• _Task goal_:
Nothing but the pictures should be left out when the entries below are duplicated.

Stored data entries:
────

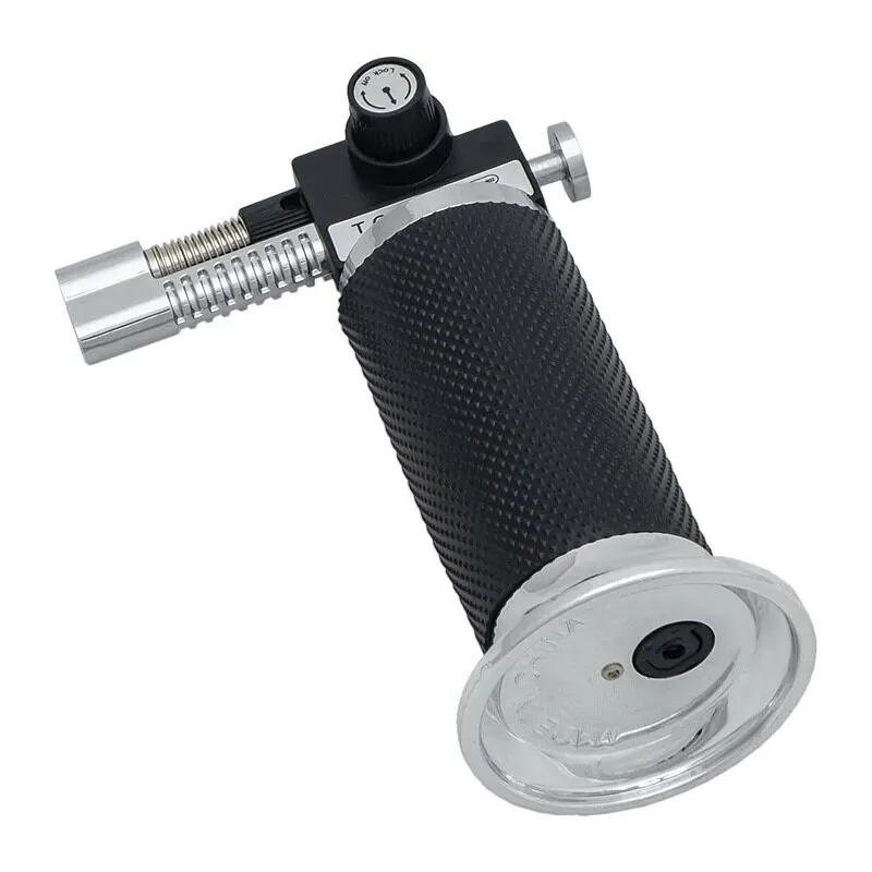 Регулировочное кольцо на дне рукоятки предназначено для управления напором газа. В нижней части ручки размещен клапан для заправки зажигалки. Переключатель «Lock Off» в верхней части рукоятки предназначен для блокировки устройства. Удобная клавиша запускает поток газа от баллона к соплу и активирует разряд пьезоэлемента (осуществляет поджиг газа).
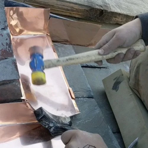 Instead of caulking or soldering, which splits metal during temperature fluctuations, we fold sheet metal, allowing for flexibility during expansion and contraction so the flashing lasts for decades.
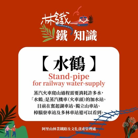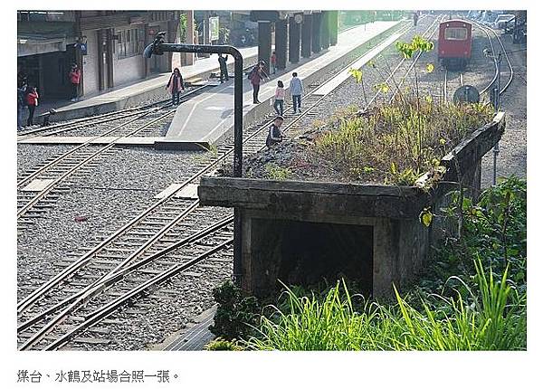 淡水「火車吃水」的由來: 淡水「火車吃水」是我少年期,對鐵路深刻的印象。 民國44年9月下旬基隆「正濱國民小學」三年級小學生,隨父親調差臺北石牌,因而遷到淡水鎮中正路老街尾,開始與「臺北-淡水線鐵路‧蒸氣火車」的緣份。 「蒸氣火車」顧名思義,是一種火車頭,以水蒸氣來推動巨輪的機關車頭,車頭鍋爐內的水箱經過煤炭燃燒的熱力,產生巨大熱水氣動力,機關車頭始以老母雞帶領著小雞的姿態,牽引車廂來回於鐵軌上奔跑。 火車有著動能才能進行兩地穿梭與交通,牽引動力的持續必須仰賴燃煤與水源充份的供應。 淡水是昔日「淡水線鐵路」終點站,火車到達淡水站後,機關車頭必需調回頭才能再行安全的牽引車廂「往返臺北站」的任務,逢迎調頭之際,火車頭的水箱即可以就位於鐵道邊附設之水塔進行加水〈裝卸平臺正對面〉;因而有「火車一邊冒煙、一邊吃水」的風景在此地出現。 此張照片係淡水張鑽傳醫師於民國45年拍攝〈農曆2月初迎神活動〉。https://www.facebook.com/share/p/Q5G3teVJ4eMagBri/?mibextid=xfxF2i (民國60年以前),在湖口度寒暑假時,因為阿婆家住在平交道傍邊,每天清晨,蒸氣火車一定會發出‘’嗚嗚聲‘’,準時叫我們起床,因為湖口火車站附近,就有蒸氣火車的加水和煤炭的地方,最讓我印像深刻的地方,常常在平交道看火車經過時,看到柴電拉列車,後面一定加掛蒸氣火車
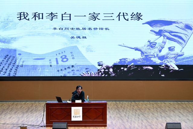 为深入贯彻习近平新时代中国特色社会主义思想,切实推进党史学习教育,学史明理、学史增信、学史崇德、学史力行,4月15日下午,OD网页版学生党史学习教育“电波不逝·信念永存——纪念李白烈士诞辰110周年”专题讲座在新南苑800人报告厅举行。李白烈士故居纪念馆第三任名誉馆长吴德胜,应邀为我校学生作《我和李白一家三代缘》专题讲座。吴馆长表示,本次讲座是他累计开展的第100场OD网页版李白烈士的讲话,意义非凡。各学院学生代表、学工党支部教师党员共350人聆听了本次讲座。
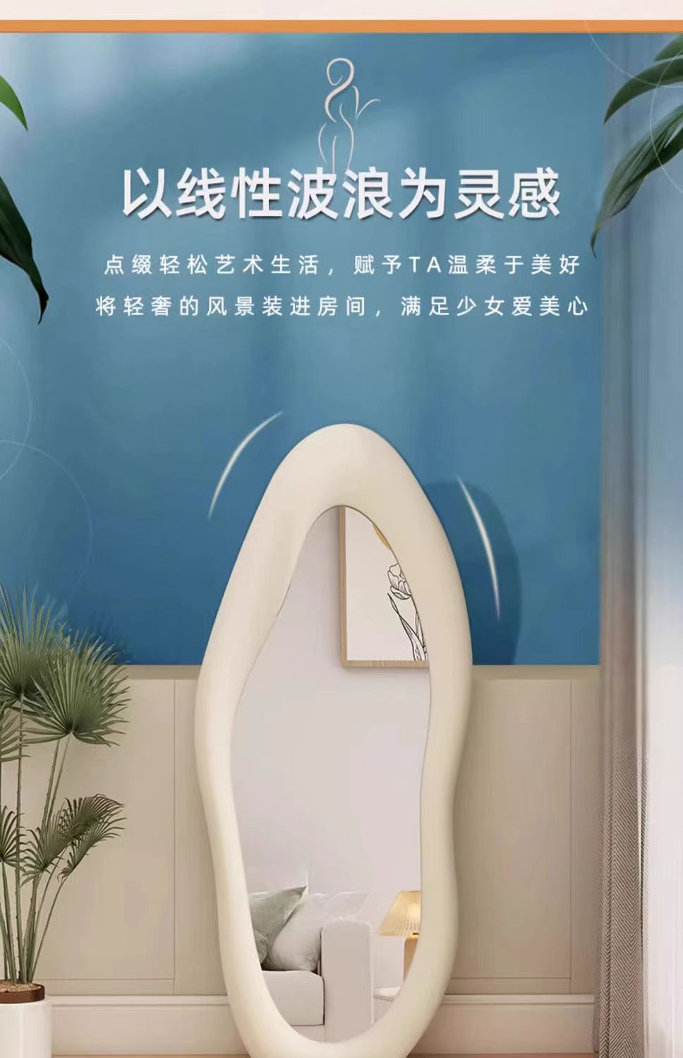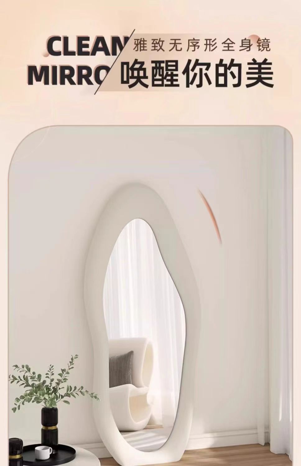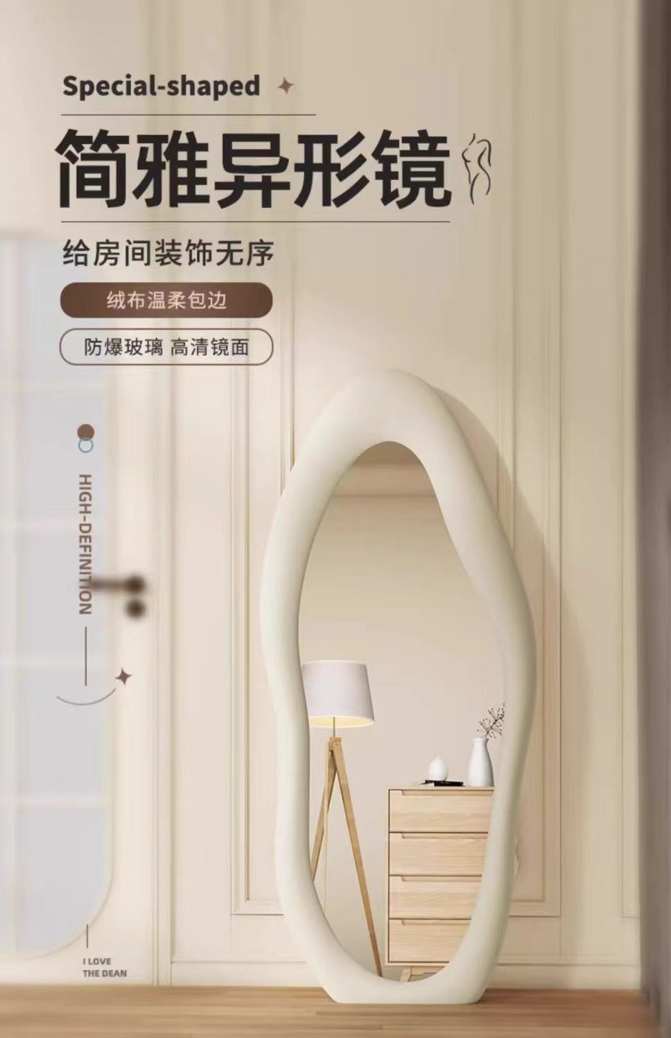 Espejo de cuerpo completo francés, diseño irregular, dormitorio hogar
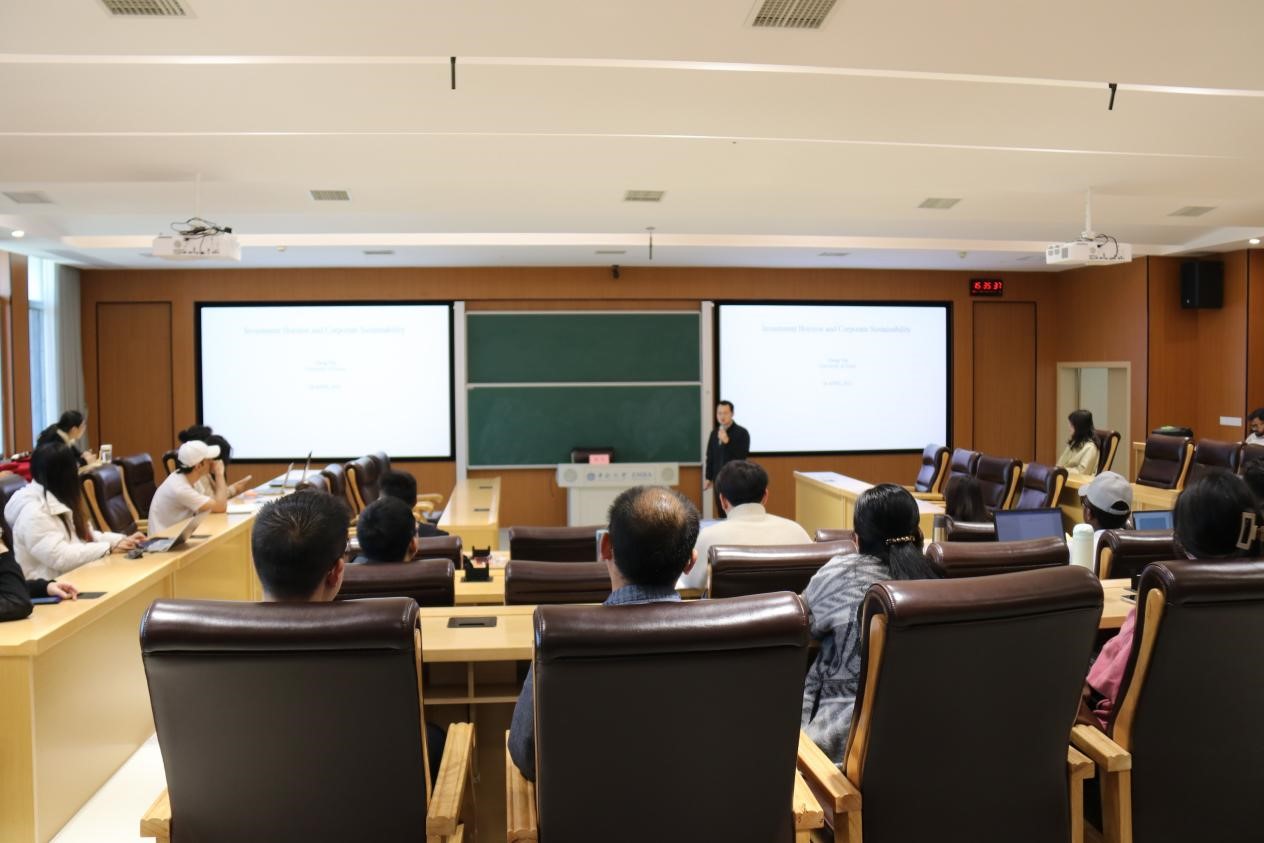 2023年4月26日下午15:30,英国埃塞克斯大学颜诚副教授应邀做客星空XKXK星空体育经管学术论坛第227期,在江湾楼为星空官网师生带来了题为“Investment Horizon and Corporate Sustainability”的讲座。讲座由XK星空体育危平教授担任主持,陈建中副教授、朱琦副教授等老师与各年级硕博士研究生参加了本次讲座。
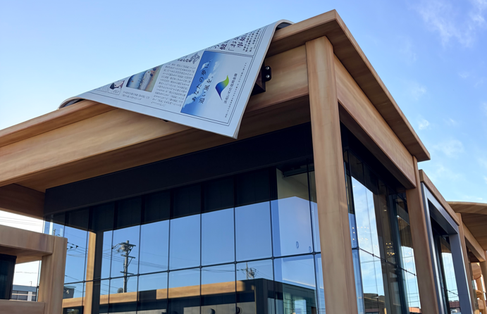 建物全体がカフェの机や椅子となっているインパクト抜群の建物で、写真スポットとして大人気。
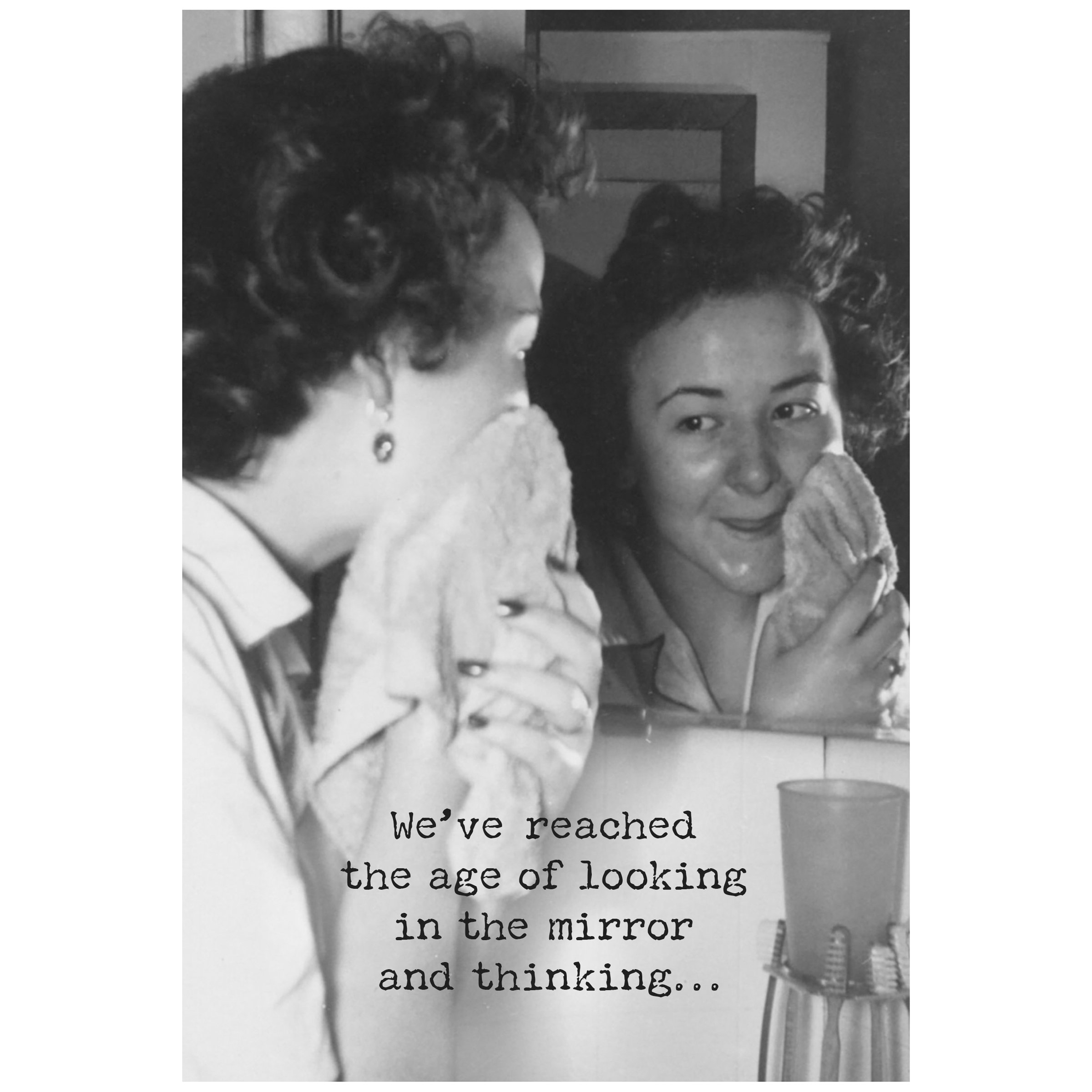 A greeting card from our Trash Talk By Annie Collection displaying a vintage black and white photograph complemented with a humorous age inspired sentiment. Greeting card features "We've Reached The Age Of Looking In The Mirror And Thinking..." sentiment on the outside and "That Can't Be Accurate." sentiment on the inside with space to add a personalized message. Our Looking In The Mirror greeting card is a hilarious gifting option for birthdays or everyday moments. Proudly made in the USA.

────

• _Solution to the problem_:
 Регулировочное кольцо на дне рукоятки предназначено для управления напором газа. В нижней части ручки размещен клапан для заправки зажигалки. Переключатель «Lock Off» в верхней части рукоятки предназначен для блокировки устройства. Удобная клавиша запускает поток газа от баллона к соплу и активирует разряд пьезоэлемента (осуществляет поджиг газа).
 Instead of caulking or soldering, which splits metal during temperature fluctuations, we fold sheet metal, allowing for flexibility during expansion and contraction so the flashing lasts for decades.
 淡水「火車吃水」的由來: 淡水「火車吃水」是我少年期,對鐵路深刻的印象。 民國44年9月下旬基隆「正濱國民小學」三年級小學生,隨父親調差臺北石牌,因而遷到淡水鎮中正路老街尾,開始與「臺北-淡水線鐵路‧蒸氣火車」的緣份。 「蒸氣火車」顧名思義,是一種火車頭,以水蒸氣來推動巨輪的機關車頭,車頭鍋爐內的水箱經過煤炭燃燒的熱力,產生巨大熱水氣動力,機關車頭始以老母雞帶領著小雞的姿態,牽引車廂來回於鐵軌上奔跑。 火車有著動能才能進行兩地穿梭與交通,牽引動力的持續必須仰賴燃煤與水源充份的供應。 淡水是昔日「淡水線鐵路」終點站,火車到達淡水站後,機關車頭必需調回頭才能再行安全的牽引車廂「往返臺北站」的任務,逢迎調頭之際,火車頭的水箱即可以就位於鐵道邊附設之水塔進行加水〈裝卸平臺正對面〉;因而有「火車一邊冒煙、一邊吃水」的風景在此地出現。 此張照片係淡水張鑽傳醫師於民國45年拍攝〈農曆2月初迎神活動〉。https://www.facebook.com/share/p/Q5G3teVJ4eMagBri/?mibextid=xfxF2i (民國60年以前),在湖口度寒暑假時,因為阿婆家住在平交道傍邊,每天清晨,蒸氣火車一定會發出‘’嗚嗚聲‘’,準時叫我們起床,因為湖口火車站附近,就有蒸氣火車的加水和煤炭的地方,最讓我印像深刻的地方,常常在平交道看火車經過時,看到柴電拉列車,後面一定加掛蒸氣火車
 为深入贯彻习近平新时代中国特色社会主义思想,切实推进党史学习教育,学史明理、学史增信、学史崇德、学史力行,4月15日下午,OD网页版学生党史学习教育“电波不逝·信念永存——纪念李白烈士诞辰110周年”专题讲座在新南苑800人报告厅举行。李白烈士故居纪念馆第三任名誉馆长吴德胜,应邀为我校学生作《我和李白一家三代缘》专题讲座。吴馆长表示,本次讲座是他累计开展的第100场OD网页版李白烈士的讲话,意义非凡。各学院学生代表、学工党支部教师党员共350人聆听了本次讲座。
 Espejo de cuerpo completo francés, diseño irregular, dormitorio hogar
 2023年4月26日下午15:30,英国埃塞克斯大学颜诚副教授应邀做客星空XKXK星空体育经管学术论坛第227期,在江湾楼为星空官网师生带来了题为“Investment Horizon and Corporate Sustainability”的讲座。讲座由XK星空体育危平教授担任主持,陈建中副教授、朱琦副教授等老师与各年级硕博士研究生参加了本次讲座。
 建物全体がカフェの机や椅子となっているインパクト抜群の建物で、写真スポットとして大人気。
 A greeting card from our Trash Talk By Annie Collection displaying a vintage black and white photograph complemented with a humorous age inspired sentiment. Greeting card features "We've Reached The Age Of Looking In The Mirror And Thinking..." sentiment on the outside and "That Can't Be Accurate." sentiment on the inside with space to add a personalized message. Our Looking In The Mirror greeting card is a hilarious gifting option for birthdays or everyday moments. Proudly made in the USA.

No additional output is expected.